Authority (Biblical)
/əˈθɔːr.ɪ.ti/
noun
Latin auctoritas, from auctor — "author, originator, one who causes growth." From augere, "to increase, originate." Authority in its root sense is the power of an author over what He has made, or an originator over what He originates. It belongs first to God, who is the Author of all things.

📖 Biblical Definition

All authority flows from God. Christ declared, "All authority has been given to Me in heaven and on earth" (Matthew 28:18). Paul wrote, "there is no authority except from God, and the authorities that exist are appointed by God" (Romans 13:1). Biblical authority has three defining features: (1) it is delegated — it flows from the authority of God, not from the consent of the governed or the strength of the ruler; (2) it is limited — it is bounded by God's law and revealed will; and (3) it is accountable — the one holding authority will answer to God for its exercise. This is why Peter and John refused the Sanhedrin's demand to stop preaching: the Sanhedrin had real delegated authority, but it had exceeded its limits. When human authority commands what God forbids or forbids what God commands, the Christian's obligation is to God, not the human authority. But within its proper limits, authority is a gift from God to order society, family, and church — and rebellion against legitimate authority is rebellion against God.

📖 Key Scripture

Matthew 28:18 — "All authority has been given to Me in heaven and on earth."

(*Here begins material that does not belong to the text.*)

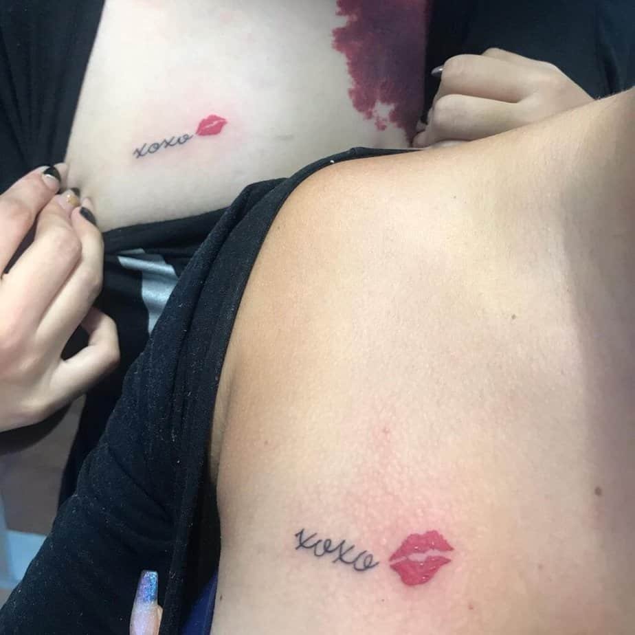 If you want a tiny, constant reminder of someone, matching XOXO tattoos are such a sweet idea. You can have the other person write it and use their handwriting as the stencil so it literally carries their touch. Some of these matching pieces are insanely crisp — clean ink, simple lines — and they feel like a small, wearable pact. Party besties might match with little lips and kisses, couples might choose the wrist so it’s visible when you reach for one another, and if you want to stand out, go for red ink instead of black. Red makes the simplest designs pop and feels playful and flirtatious, especially on dainty linework.

Romans 13:1 — "There is no authority except from God, and the authorities that exist are appointed by God."

Acts 5:29 — "We ought to obey God rather than men."

Hebrews 13:17 — "Obey those who rule over you, and be submissive, for they watch out for your souls, as those who must give account."

⚠️ Modern Corruption

Modern culture rejects all authority as oppressive while ironically demanding submission to its own therapeutic and political orthodoxies.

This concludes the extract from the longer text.